Acts of healing a nation

August 3, 2001

In the dark days of Milosevic's regime, four women in Belgrade created theatre amid the destruction. Noel Witts explores their bid to help Serbia regain its sense of humanity.

Belgrade's sense of performance - honed by Serbians' black sense of humour - has often been used to lampoon the Milosevic regime unmercifully. Witness members of the public marching past the state television headquarters with eyes closed in 1992 in a protest entitled "The Strolling of the Blind", or the mass offering of bars of soap to members of the Serbian parliament "to wash their dirty tongues". But alternative theatre in Belgrade does not just serve as a weapon of protest. It has other roles: to remind people of their humanity in an era of mass suffering and to help them come to terms with Milosevic's dark legacy.

Dah theatre - the word means "breath" in Serbo-Croat - is the first independent theatre company to be founded in Belgrade. In the week that Slobodan Milosevic was taken away to the Hague to be tried for crimes against humanity, the company celebrated its tenth birthday.

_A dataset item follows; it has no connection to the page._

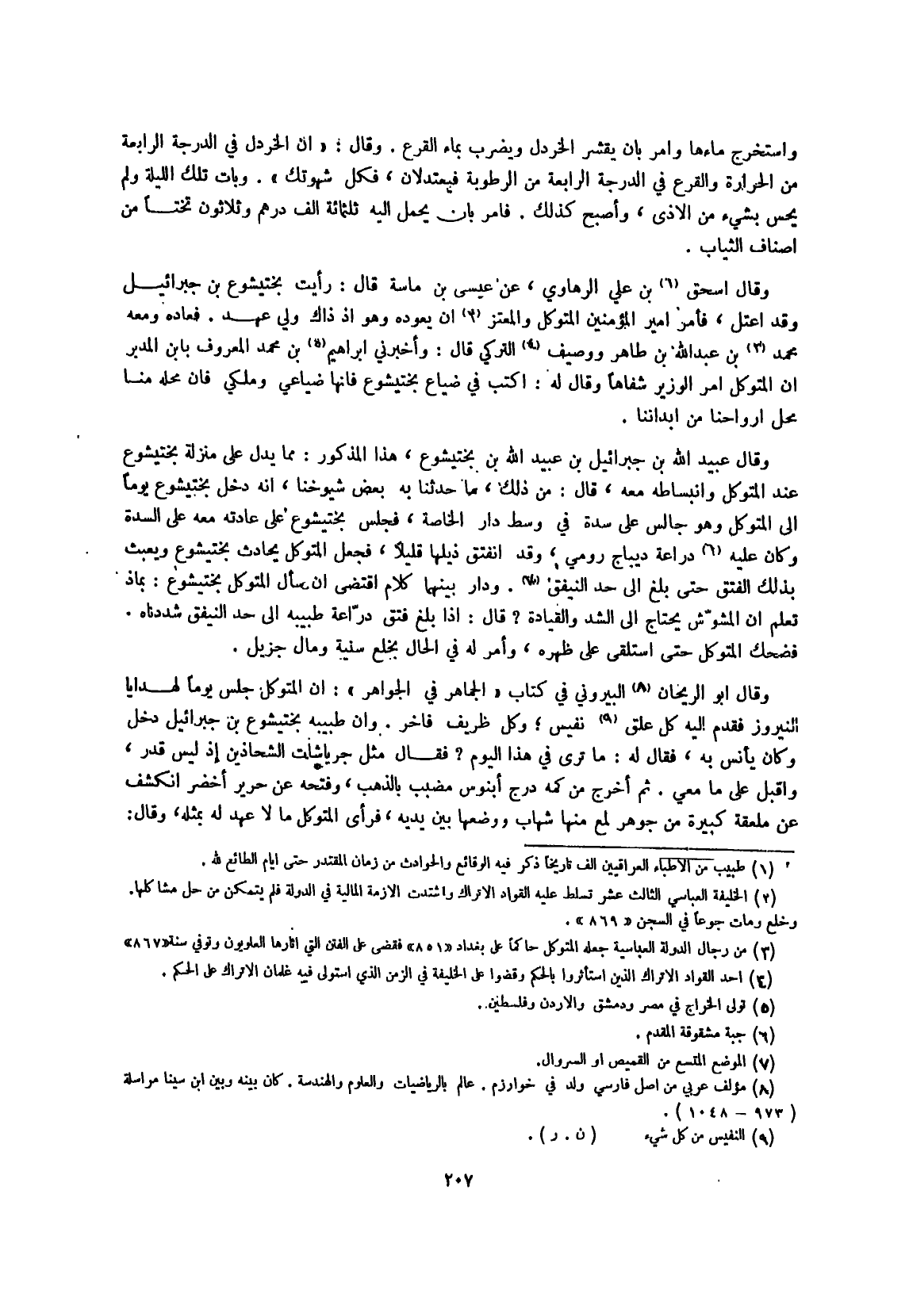 فعاده وَمَعَهُ مُحَمَّد بن عبد الله بن طَاهِر ووصيف التركي قَالَ وَأَخْبرنِي إِبْرَاهِيم بن مُحَمَّد الْمَعْرُوف بِابْن الْمُدبر أَن المتَوَكل أَمر الْوَزير شفاها وَقَالَ لَهُ اكْتُبْ فِي ضيَاع بختيشوع فَإِنَّهَا ضياعي وملكي فَإِن مَحَله منا مَحل أَرْوَاحنَا من أبداننا

It is a collective of four extraordinary Serbian women who have been creating theatre pieces throughout the Yugoslavian wars - pieces that have, through a collection of powerful ideas and images, attempted amid the destruction to remind people of their right to humanity, even implying that it might be possible to create a new life - if only for an hour or so - from the ruins.

Mostly, the shows have been performed outside the mainstream of Belgrade theatre life - on the streets, in the Rex Arts Centre (a converted cinema) and in courtyards and alleys. They have titles such as Gifts of Our Ancestors , Angels' Memories , Documents of the Times and Maps of Forbidden Remembrance , all indicating the company's concern with preserving what has been destroyed, and with finding a way of cleansing the audiences. In the words of director Dijana Milosevic (no relation), for ten years the company has "been making a cry of creation to coincide with the fall of Yugoslavia and the general destruction that followed... opposing destruction with creation".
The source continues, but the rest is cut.